> _Problem description_
Everything from the first line of the data through the line with "比赛现场气氛热烈,八个学院代" is to be echoed exactly, minus the pictures.
——————
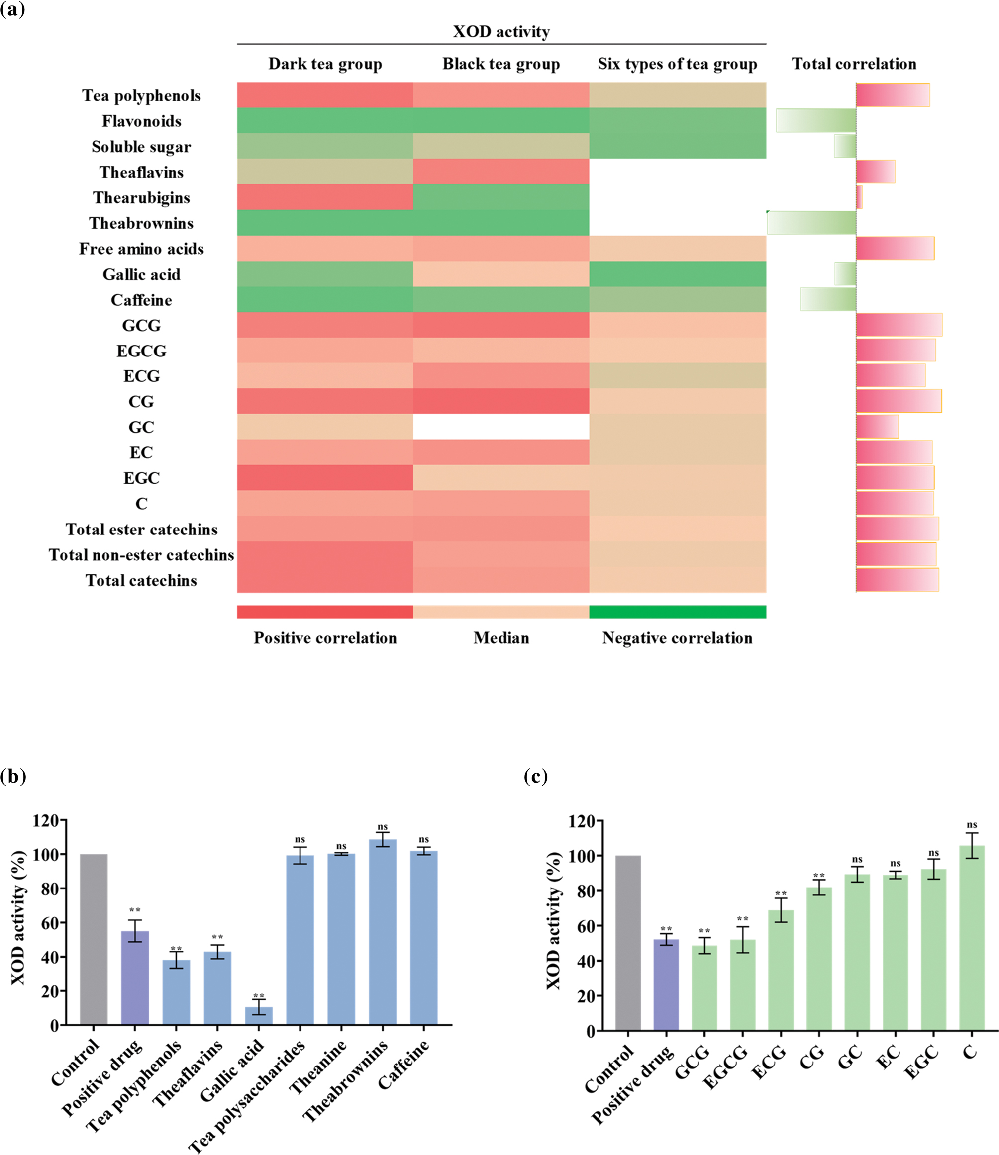 Fig. 6. XOD activity of biochemical components and correlation analysis with chemical properties of tea. (a) Correlation between the content of bioactive compounds and XOD activity. The length of the rectangle indicates degree of correlation; red – positive correlation, buff – medium, and green – negative correlation. Positive control drug: allopurinol. (b) XOD activity in the presence of tea polyphenols, theaflavins, gallic acid, tea polysaccharides, theanine, theabrownins, and caffeine; (c) XOD activity in the presence of catechin monomers.
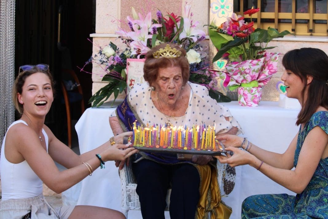 Para su sorpresa, a media tarde salió de casa y se encontró con una fiesta que le habían organizado familiares, vecinos y amigos, con tarta casera incluida (y 100 velas que sopló y apagó a golpe de abanico), guirnaldas decorativas, aperitivo para todo el que se acercara a felicitarla, un rótulo que anunciaba el evento, y flores, muchas flores y macetas, por las que siente verdadera pasión.
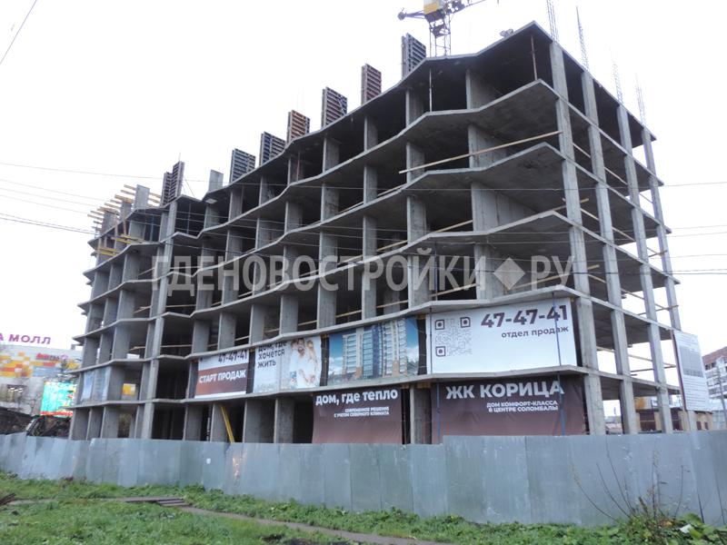 Новый 9-ти этажный жилой комплекс «Корица» возводится в Соломбальском территориальном округе Архангельска, на пересечении улиц Терехина и Советской.
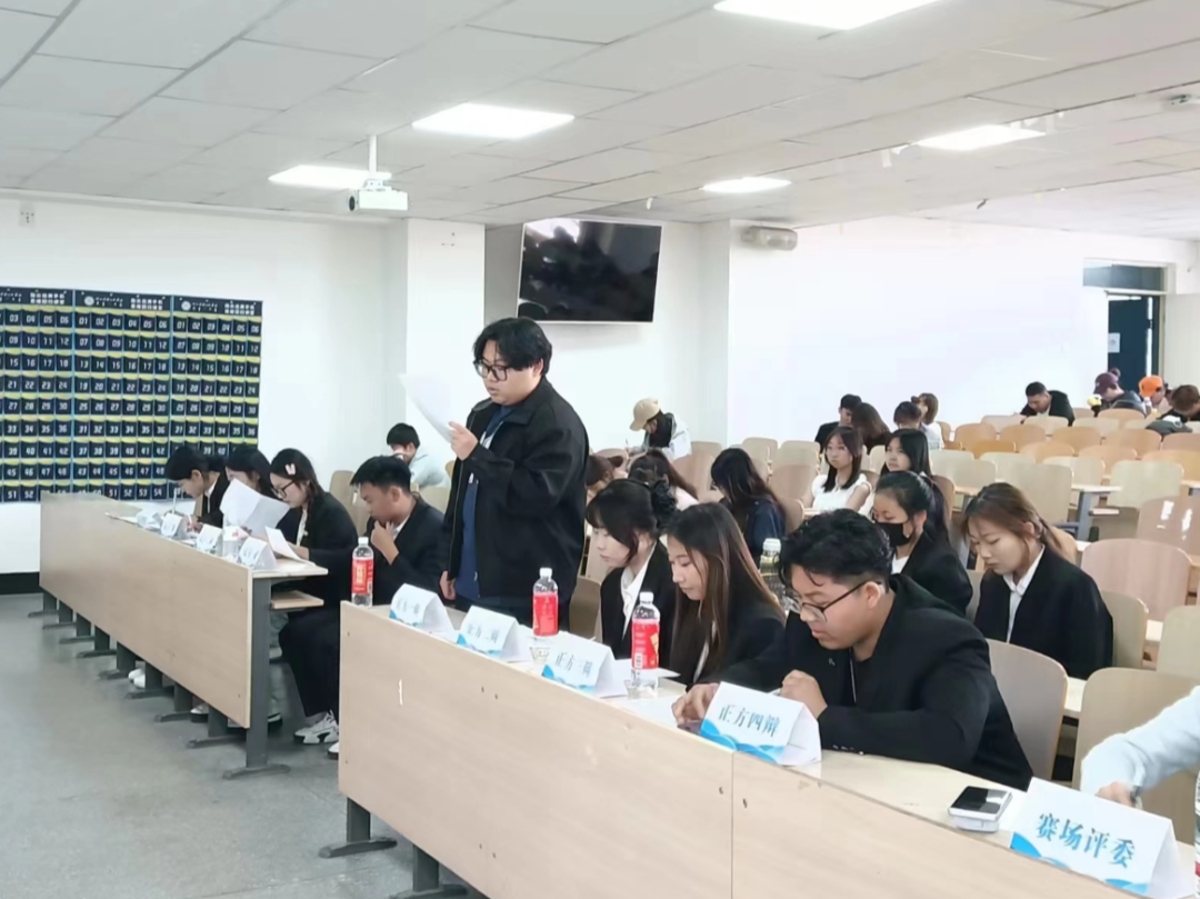 比赛现场气氛热烈,八个学院代表队围绕“网红经济的利弊”等热点展开辩论。在“短视频盛行是否降低认知能力”环节,管理学院四辩的发言逻辑清晰,赢得热烈掌声。商学院于婧雯同学斩获“观众最佳提问奖”。
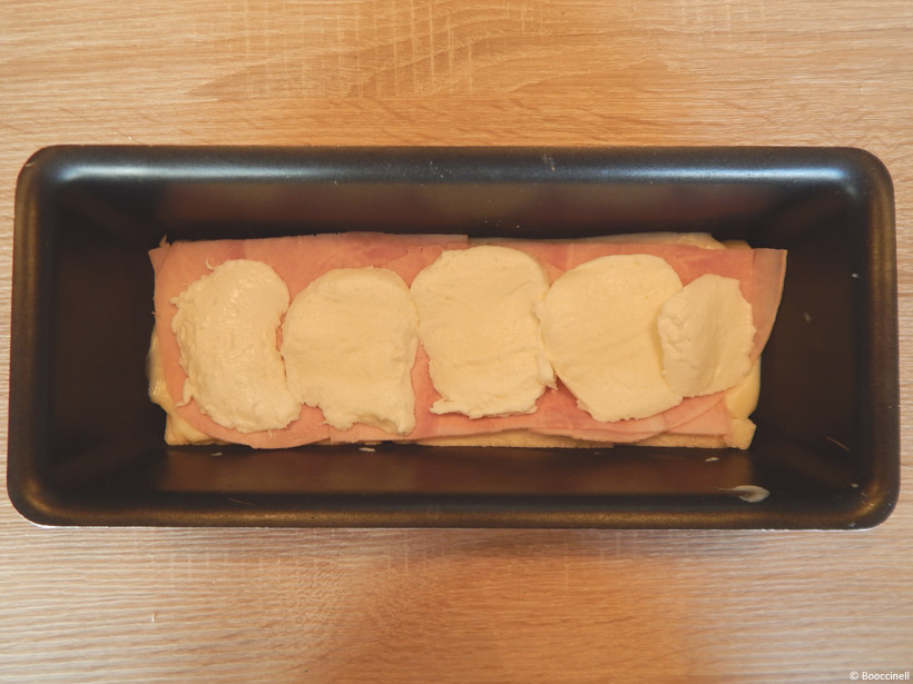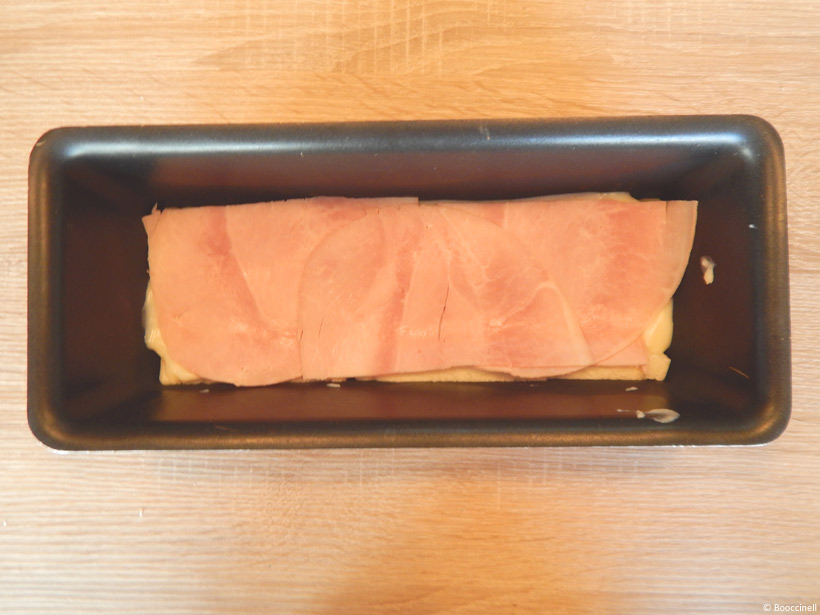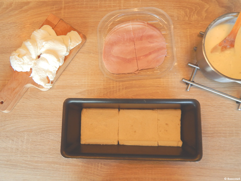 4.  Ensuite, déposez une première couche de pain dans le fond, la première couche a été préparé en amont, étape 1. Mettez une couche de béchamel, une couche de jambon (trois demi-tranches) et une couche de mozzarella. Puis, renouvelez 2 fois l’opération, du pain de mie jusqu’à la mozzarella. Après, tassez le tout pour que cela adhère bien au moule. Ensuite, terminez par le quatrième étage, en mettant une couche de pain de mie, une couche de béchamel et saupoudrez le tout de gruyère râpé.
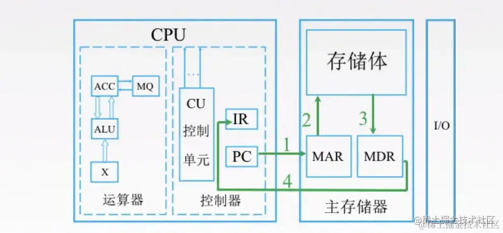 MAR去存储体内拿到指令之后,将指令地址放入MDR(存储器里专门存数据的地方) -
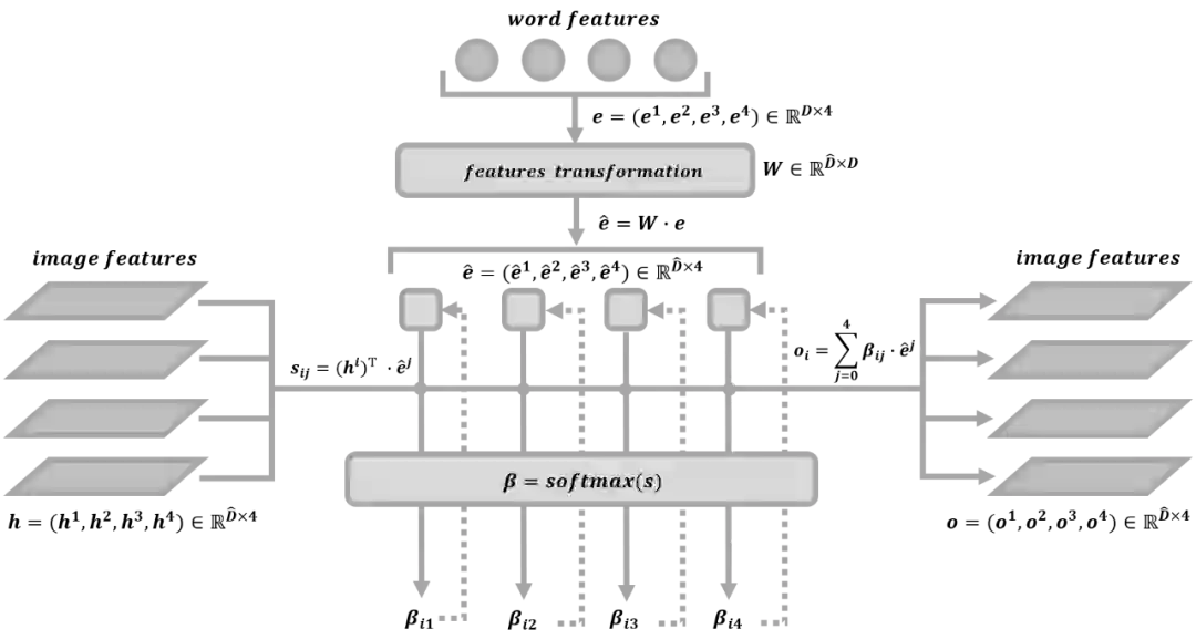 AttnGAN 通过利用注意力机制来实现多阶段细颗粒度的文本到图像的生成,它可以通过关注自然语言中的一些重要单词来对图像的不同子区域进行合成。比如通过文本“一只鸟有黄色的羽毛和黑色的眼睛”来生成图像时,会对关键词“鸟”,“羽毛”,“眼睛”,“黄色”,“黑色”给予不同的生成权重,并根据这些关键词的引导在图像的不同的子区域中进行细节的丰富。AttnGAN 中注意力机制的操作原理如上图所示。
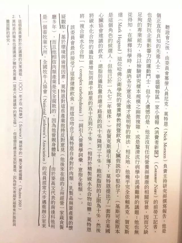...该委员会最终接受了这套健康饮食,而这也吻合了莫特恩(膳食指南撰写人,无任何营养学背景)自身对于肉类、乳制品、与蛋业的怀疑观点。基于环境与伦理因素,莫特恩对这些产业抱持反对意见,而且他相信肉类产业是完全腐败的,因为他曾亲身经验...,全国牧牛人协会的成员经常大步迈进办公室来会见参与员。
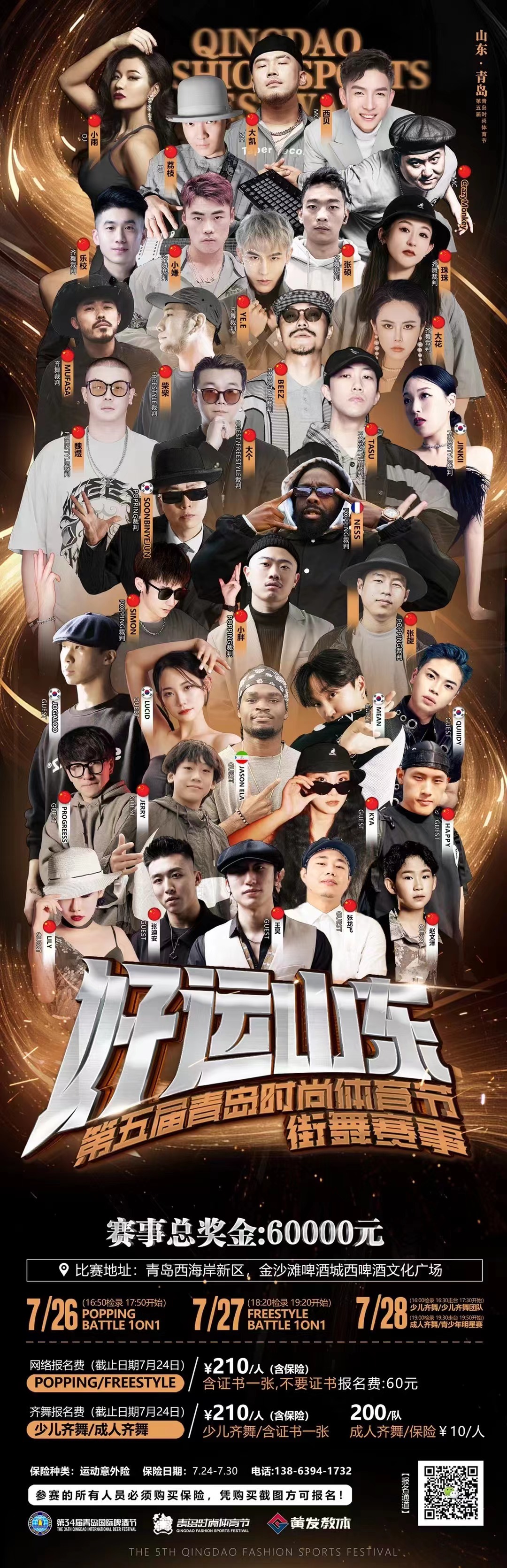 舞力全开、决战巅峰!此次青岛时尚体育节国际街舞大赛我们邀请到了来自法国的世界街舞冠军大满贯popping神级大师NESS;韩国超强街舞新生代战神SOONBIN;力量与美的完美融合waacking女神Jinkii;明星演艺人MEAN、风格舞者Jogaloo、Lucid和Quiiidy;来自赤道几内亚的Hippop嘉宾Jason及圈内多位国际级街舞裁判与嘉宾进行比赛判罚与表演,史诗级裁判阵容空前绝后,为大赛提供专业性的有力保障。更有来自Cruise Staff 娱乐部的专业DJ-LITCHI与中国街舞国家队locking代表队成员-CRAZY MONKEY做为MC强强联合,用劲爆的音乐与专业的解说来点燃现场气氛,掀起青春浪潮,引爆夏日激情。还有神秘的裁判秀给市民游客一场精彩的视觉盛宴。
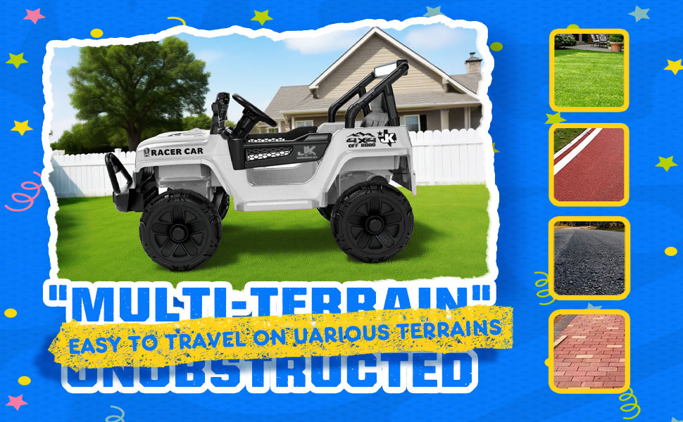 - 🚗 【Advanced Four-Wheel Shock Absorption】This 12V ride-on truck features an advanced four-wheel shock absorption system that minimizes vibrations on uneven surfaces, providing a smooth and comfortable driving experience. The Kid's Ride On Car has a speed range of 0-3.11 MPH, allowing kids to enjoy a smooth and pleasant journey on both flat roads and bumpy paths.
——————
> _Problem solution_
 Fig. 6. XOD activity of biochemical components and correlation analysis with chemical properties of tea. (a) Correlation between the content of bioactive compounds and XOD activity. The length of the rectangle indicates degree of correlation; red – positive correlation, buff – medium, and green – negative correlation. Positive control drug: allopurinol. (b) XOD activity in the presence of tea polyphenols, theaflavins, gallic acid, tea polysaccharides, theanine, theabrownins, and caffeine; (c) XOD activity in the presence of catechin monomers.
 Para su sorpresa, a media tarde salió de casa y se encontró con una fiesta que le habían organizado familiares, vecinos y amigos, con tarta casera incluida (y 100 velas que sopló y apagó a golpe de abanico), guirnaldas decorativas, aperitivo para todo el que se acercara a felicitarla, un rótulo que anunciaba el evento, y flores, muchas flores y macetas, por las que siente verdadera pasión.
 Новый 9-ти этажный жилой комплекс «Корица» возводится в Соломбальском территориальном округе Архангельска, на пересечении улиц Терехина и Советской.
 比赛现场气氛热烈,八个学院代表队围绕“网红经济的利弊”等热点展开辩论。在“短视频盛行是否降低认知能力”环节,管理学院四辩的发言逻辑清晰,赢得热烈掌声。商学院于婧雯同学斩获“观众最佳提问奖”。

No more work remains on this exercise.